Permaculture site created by the Oaxacan
Institute for Nature and Society (INSO), storing
water for irrigation and soil conservation



Participants at the Oaxacan water forum


Government official being held to account

Stretching Scarce Water Into a Public Commons

It’s a mighty challenge to ensure that a growing city has enough drinking water when it’s bone dry 8 months a year. The Atoyac River flows the length of the Oaxaca valley – it was the source of life for the great Zapotec city of Monte Alban and one of the earliest agricultural civilizations on earth. Today it’s a stinky trickle, its riparian banks a garbage dump.

The Oaxacan Institute for Nature and Society (INSO) has taken on the challenge of returning the Atoyac watershed to its splendor. This is a gargantuan task of local democracy, negotiating interests of upstream indigenous villages, beer bottlers, municipal water authorities, environmentalists and water consumers – just to name a few principal “stakeholders”.
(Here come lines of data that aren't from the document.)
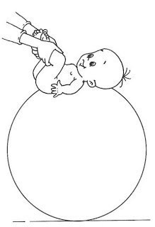 Nous avons mis le bébé sur la fitball avec son ventre vers le bas pour qu'il repose ses mains sur le ballon. Nous prenons l'enfant par les jambes comme si nous roulions une brouette et le balançons légèrement d'avant en arrière.
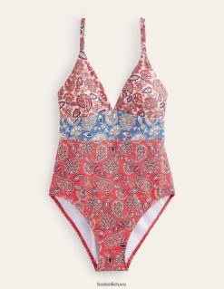 Šis maudymosi kostiumėlis su V formos iškirpte ir reguliuojamais dirželiais išlygina, formuoja ir palaiko. rinkitės iš tekstūruotų arba spausdintų stilių.
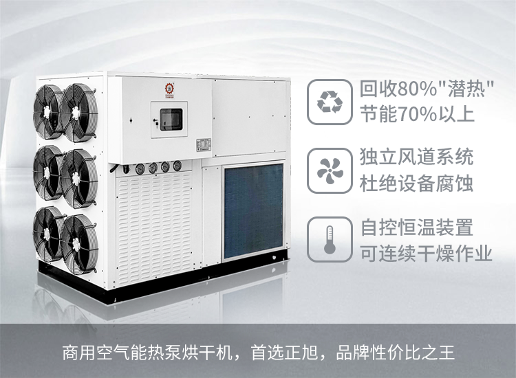正旭熱泵污泥烘干機(jī)的出現(xiàn)給中小型制革企業(yè)帶來低成本處理制革污泥帶來新的希望。通過少量的電能驅(qū)動(dòng)壓縮機(jī)做功,通過冷媒的物理相變將空氣中的熱量轉(zhuǎn)移到污泥烘干房內(nèi),實(shí)現(xiàn)制革污泥的干化處理。相對(duì)電熱烘干節(jié)能70%以上,且無廢氣廢水等污染物排放,是一款真正節(jié)能環(huán)保的污泥烘干設(shè)備。

With some regularity, the INSO convenes these stakeholders in a public forum to discuss problems and solutions. Indigenous authorities describe pirate loggers felling trees on their communal lands, accelerating deforestation. Others complain of the ineptitude of government officials in prosecuting environmental crimes. And still others bemoan the ailing water infrastructure through which upwards of 60% of piped water is lost.

A point on which they all agree is that water is a linchpin of our shared commons – resources shared by all for generations to come. Water is not a commodity to be sold for private gain. It is our creative puzzle to figure out how to create equitable community-led systems of water conservation and distribution. Folks at the forum wrestled with this challenge.

The meeting was held in a permaculture demonstration site. Permaculture is a system design tool to:

look at a whole system or problem;
observe how the parts relate;
mend sick systems by applying ideas learnt from long-term sustainable working systems including agroecology;
see connections between key elements (parts).


Just below the open air meeting room was a tiny dam stretched across a deep and narrow gulch. The little reservoir offered water for irrigation at the same time as it increased the soil's water absorption and managed downstream flow to slow erosion caused by flash floods. It’s just this kind of local experimentation – within a regional political process – that will preserve water as a commons for all.